- **Work instructions**
The reply should reproduce every line of the data below word for word, minus any images.

- **Provided information**
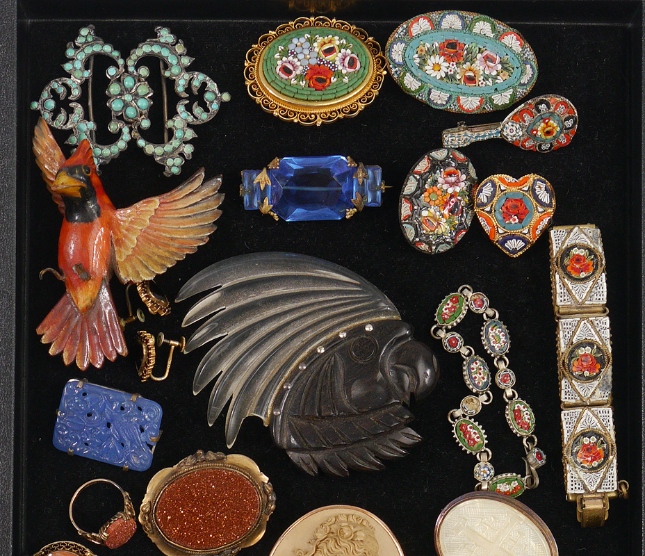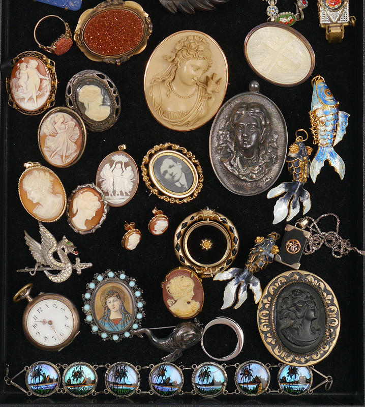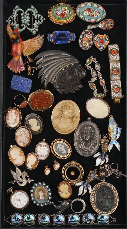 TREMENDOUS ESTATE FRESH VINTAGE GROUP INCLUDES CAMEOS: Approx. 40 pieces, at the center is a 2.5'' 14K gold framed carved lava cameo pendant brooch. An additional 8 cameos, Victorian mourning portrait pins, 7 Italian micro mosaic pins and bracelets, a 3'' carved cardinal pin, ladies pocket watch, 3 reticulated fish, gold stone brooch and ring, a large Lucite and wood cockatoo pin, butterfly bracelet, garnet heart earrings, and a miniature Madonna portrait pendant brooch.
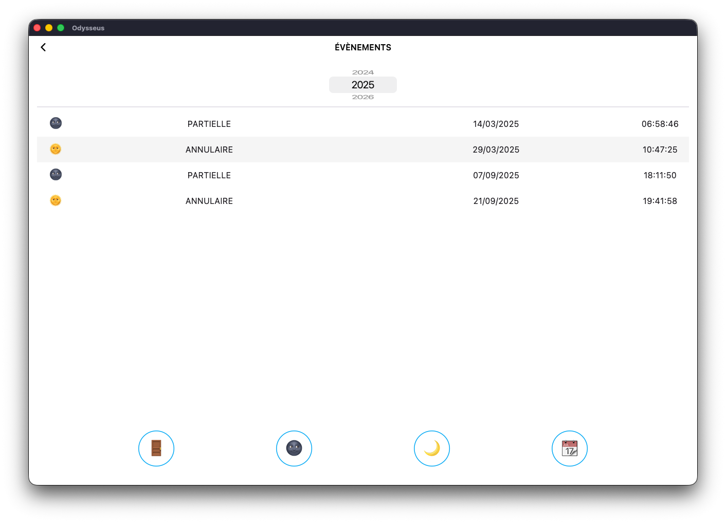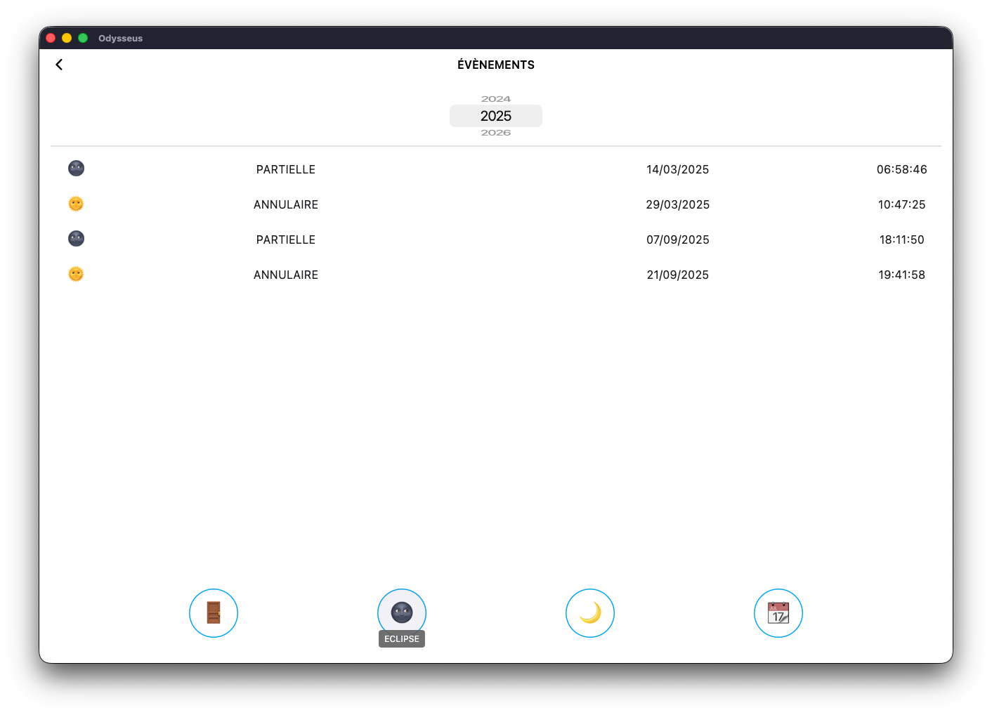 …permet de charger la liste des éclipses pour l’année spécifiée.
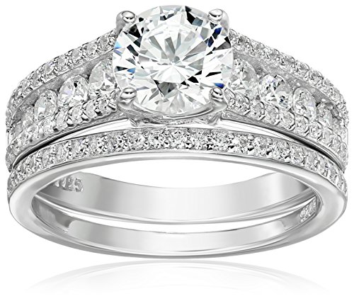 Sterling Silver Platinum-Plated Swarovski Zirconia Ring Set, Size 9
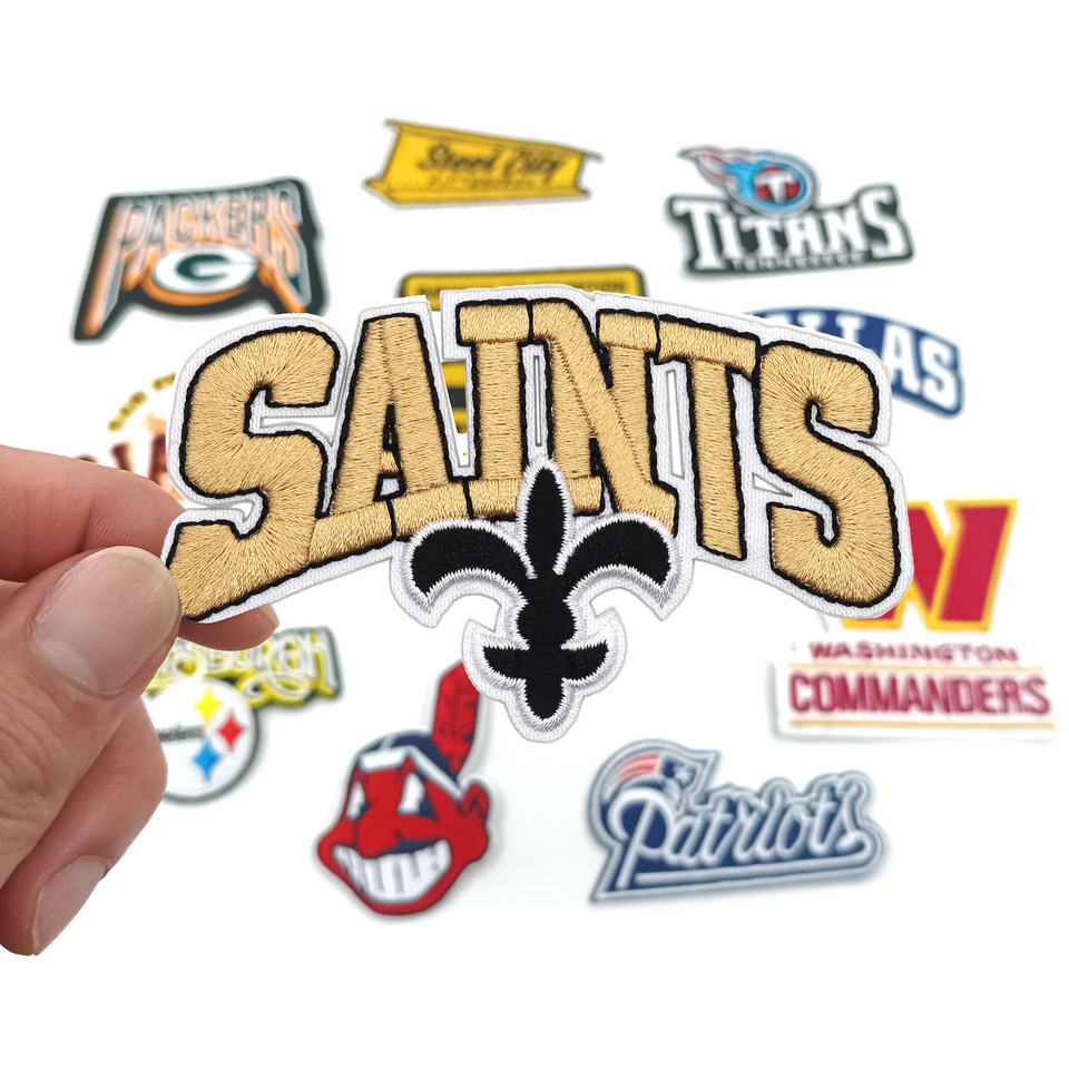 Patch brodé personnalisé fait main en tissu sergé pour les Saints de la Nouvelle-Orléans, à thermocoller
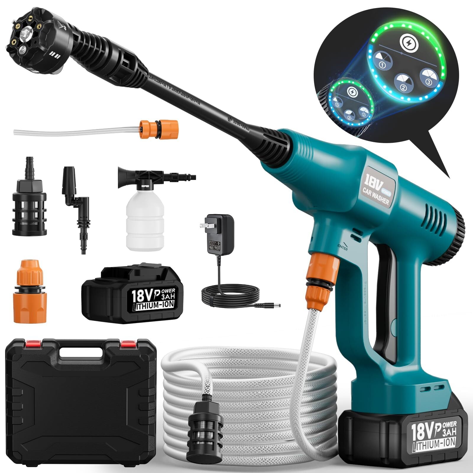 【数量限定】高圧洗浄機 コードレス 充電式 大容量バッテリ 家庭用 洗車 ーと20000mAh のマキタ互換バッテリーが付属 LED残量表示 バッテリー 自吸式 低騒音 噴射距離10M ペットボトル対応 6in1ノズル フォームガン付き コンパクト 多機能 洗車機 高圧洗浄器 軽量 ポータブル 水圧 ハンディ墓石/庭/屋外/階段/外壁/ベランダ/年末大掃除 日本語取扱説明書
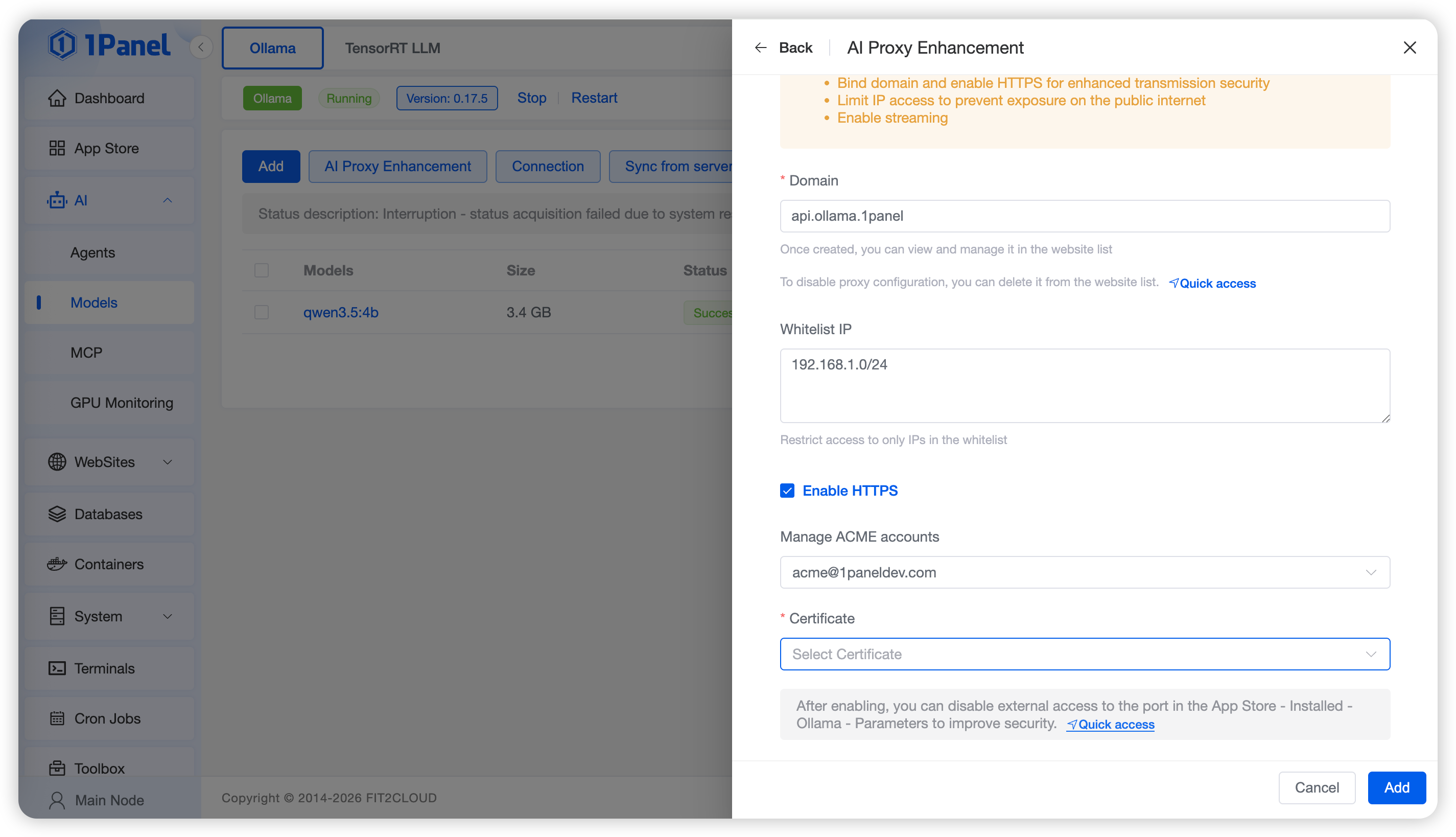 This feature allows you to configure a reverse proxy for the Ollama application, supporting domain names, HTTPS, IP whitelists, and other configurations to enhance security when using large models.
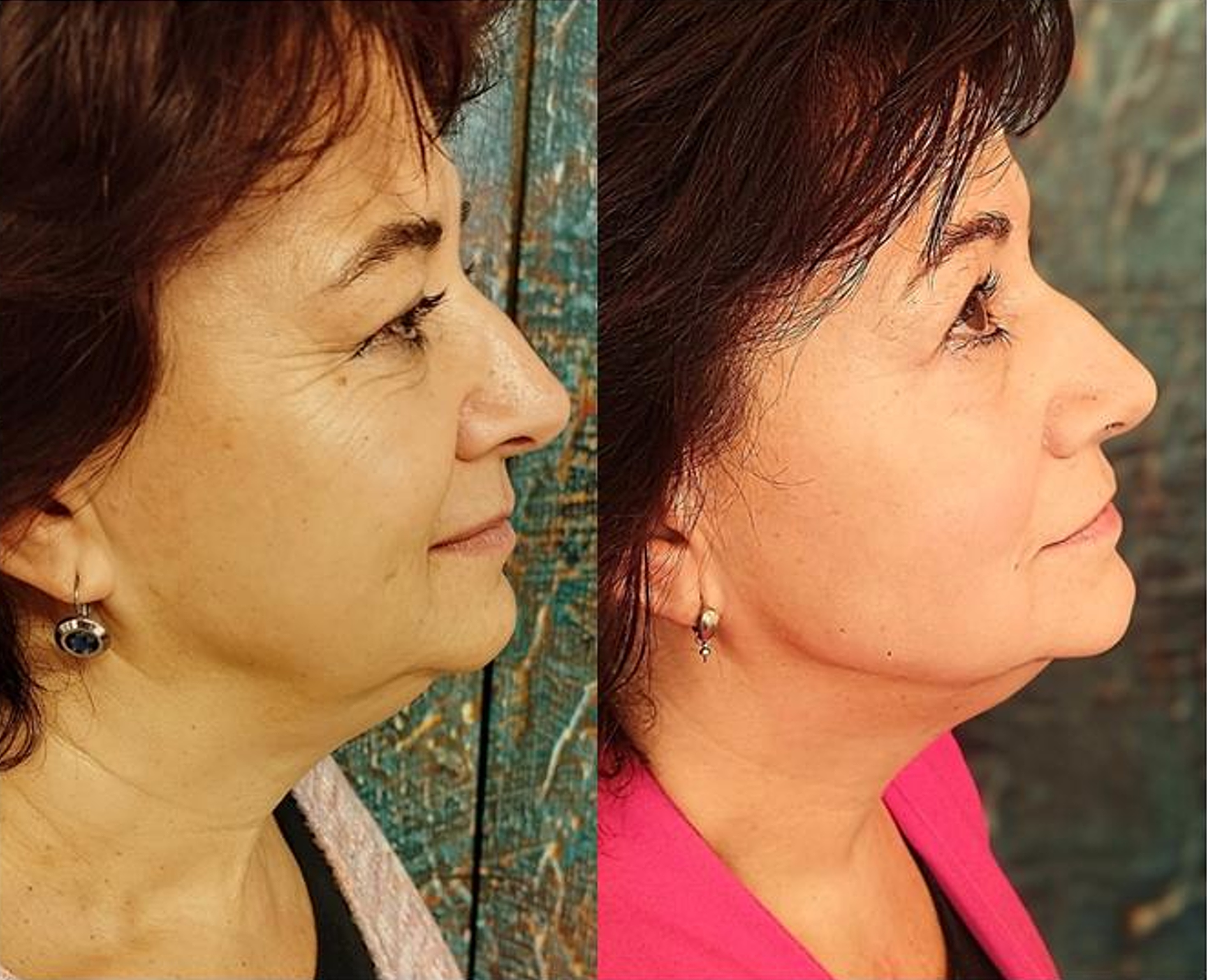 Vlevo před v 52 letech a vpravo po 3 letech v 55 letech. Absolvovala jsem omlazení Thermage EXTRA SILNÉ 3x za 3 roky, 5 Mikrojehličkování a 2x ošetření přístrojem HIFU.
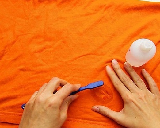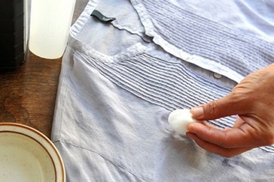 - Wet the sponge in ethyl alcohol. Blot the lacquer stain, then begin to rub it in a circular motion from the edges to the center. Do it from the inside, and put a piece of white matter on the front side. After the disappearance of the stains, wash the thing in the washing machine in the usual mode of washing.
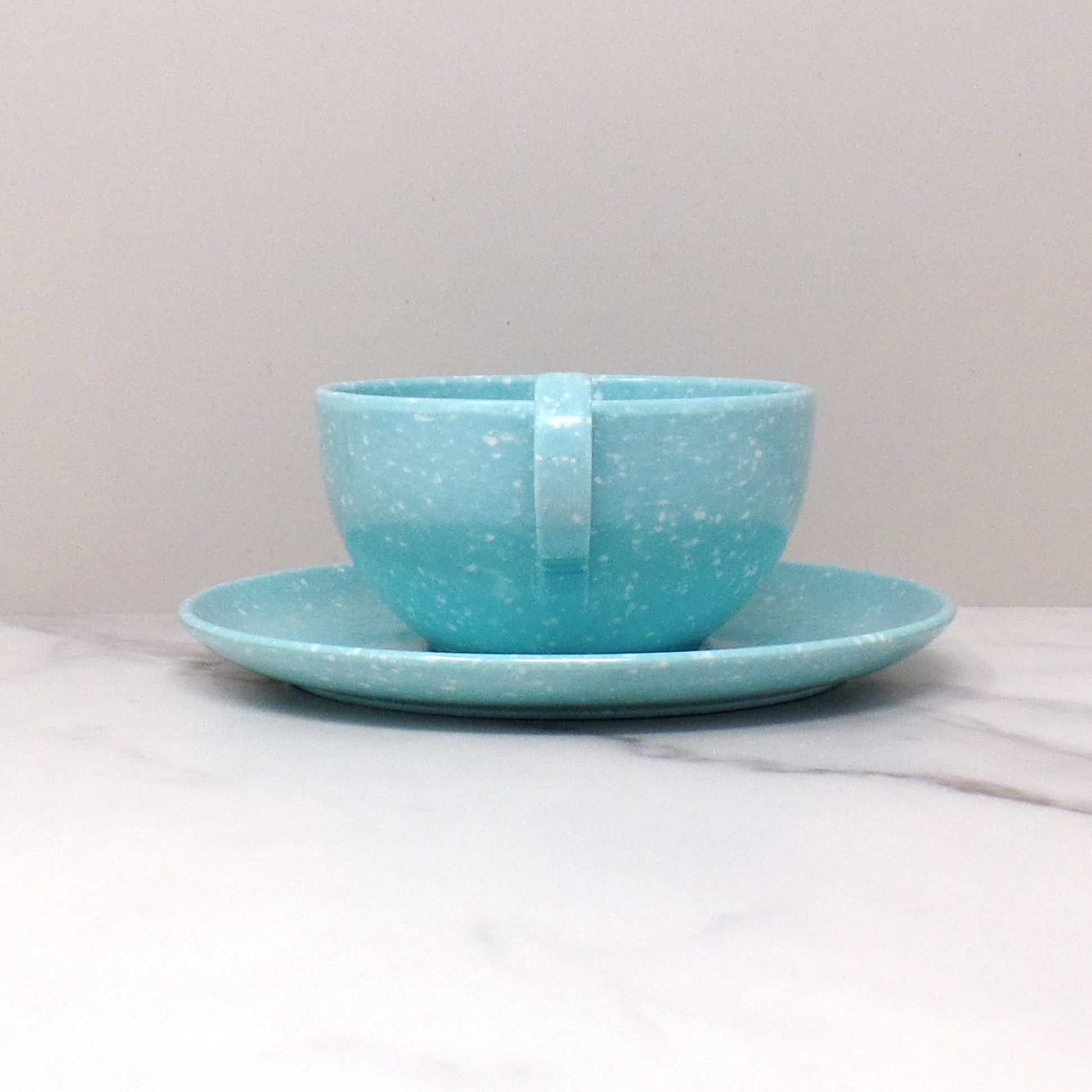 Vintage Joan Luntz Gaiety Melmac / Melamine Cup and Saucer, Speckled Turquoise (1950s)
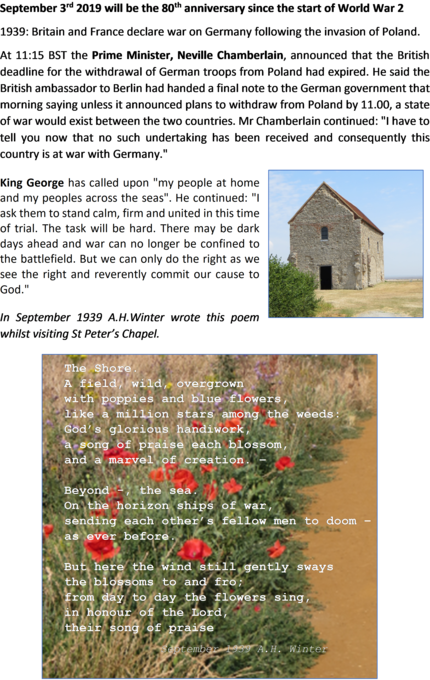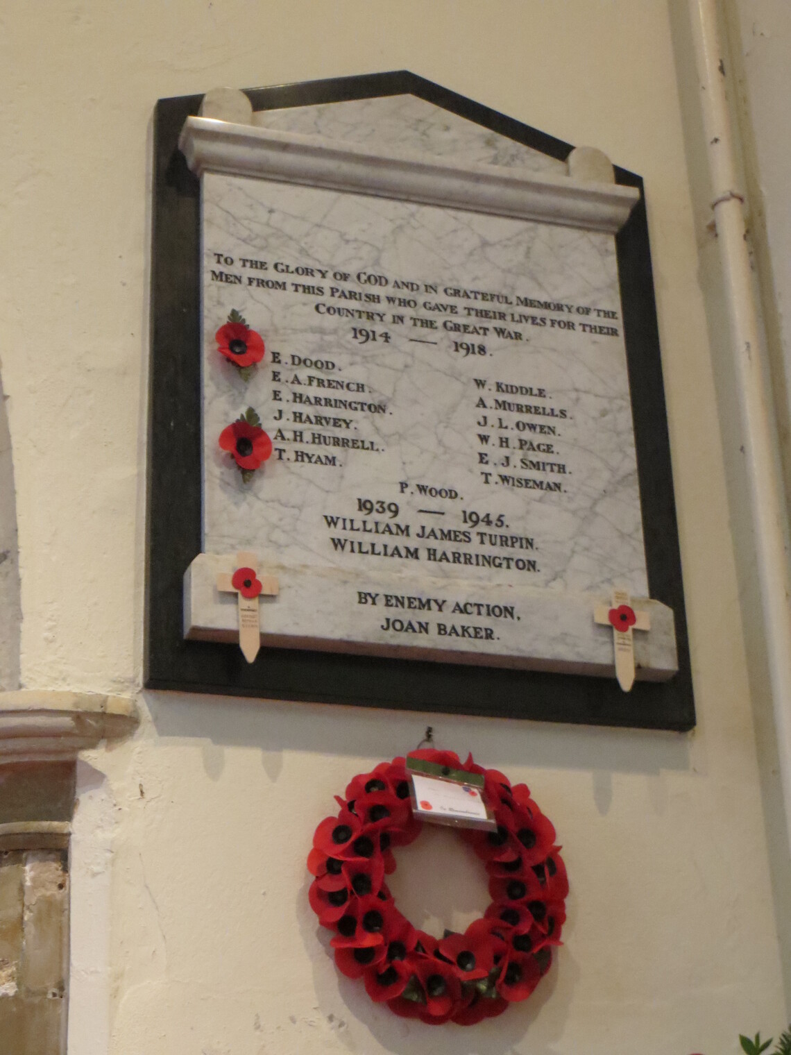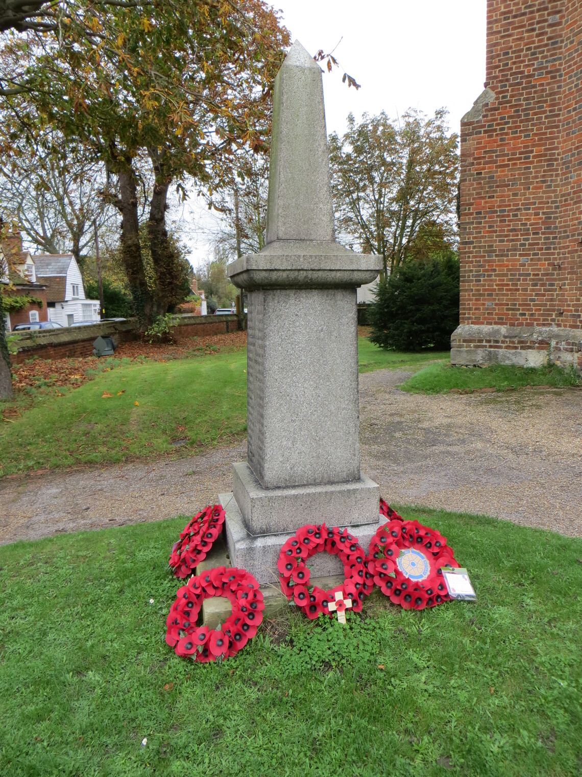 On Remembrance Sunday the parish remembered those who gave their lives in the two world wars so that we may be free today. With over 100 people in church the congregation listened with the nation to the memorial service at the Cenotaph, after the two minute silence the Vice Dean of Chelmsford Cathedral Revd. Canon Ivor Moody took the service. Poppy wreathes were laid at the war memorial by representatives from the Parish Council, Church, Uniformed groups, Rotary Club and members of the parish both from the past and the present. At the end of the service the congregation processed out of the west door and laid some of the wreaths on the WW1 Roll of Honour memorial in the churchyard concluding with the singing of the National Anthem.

- **Exercise solution**
 TREMENDOUS ESTATE FRESH VINTAGE GROUP INCLUDES CAMEOS: Approx. 40 pieces, at the center is a 2.5'' 14K gold framed carved lava cameo pendant brooch. An additional 8 cameos, Victorian mourning portrait pins, 7 Italian micro mosaic pins and bracelets, a 3'' carved cardinal pin, ladies pocket watch, 3 reticulated fish, gold stone brooch and ring, a large Lucite and wood cockatoo pin, butterfly bracelet, garnet heart earrings, and a miniature Madonna portrait pendant brooch.
 …permet de charger la liste des éclipses pour l’année spécifiée.
 Sterling Silver Platinum-Plated Swarovski Zirconia Ring Set, Size 9
 Patch brodé personnalisé fait main en tissu sergé pour les Saints de la Nouvelle-Orléans, à thermocoller
 【数量限定】高圧洗浄機 コードレス 充電式 大容量バッテリ 家庭用 洗車 ーと20000mAh のマキタ互換バッテリーが付属 LED残量表示 バッテリー 自吸式 低騒音 噴射距離10M ペットボトル対応 6in1ノズル フォームガン付き コンパクト 多機能 洗車機 高圧洗浄器 軽量 ポータブル 水圧 ハンディ墓石/庭/屋外/階段/外壁/ベランダ/年末大掃除 日本語取扱説明書
 This feature allows you to configure a reverse proxy for the Ollama application, supporting domain names, HTTPS, IP whitelists, and other configurations to enhance security when using large models.
 Vlevo před v 52 letech a vpravo po 3 letech v 55 letech. Absolvovala jsem omlazení Thermage EXTRA SILNÉ 3x za 3 roky, 5 Mikrojehličkování a 2x ošetření přístrojem HIFU.
 - Wet the sponge in ethyl alcohol. Blot the lacquer stain, then begin to rub it in a circular motion from the edges to the center. Do it from the inside, and put a piece of white matter on the front side. After the disappearance of the stains, wash the thing in the washing machine in the usual mode of washing.
 Vintage Joan Luntz Gaiety Melmac / Melamine Cup and Saucer, Speckled Turquoise (1950s)
 On Remembrance Sunday the parish remembered those who gave their lives in the two world wars so that we may be free today. With over 100 people in church the congregation listened with the nation to the memorial service at the Cenotaph, after the two minute silence the Vice Dean of Chelmsford Cathedral Revd. Canon Ivor Moody took the service. Poppy wreathes were laid at the war memorial by representatives from the Parish Council, Church, Uniformed groups, Rotary Club and members of the parish both from the past and the present. At the end of the service the congregation processed out of the west door and laid some of the wreaths on the WW1 Roll of Honour memorial in the churchyard concluding with the singing of the National Anthem.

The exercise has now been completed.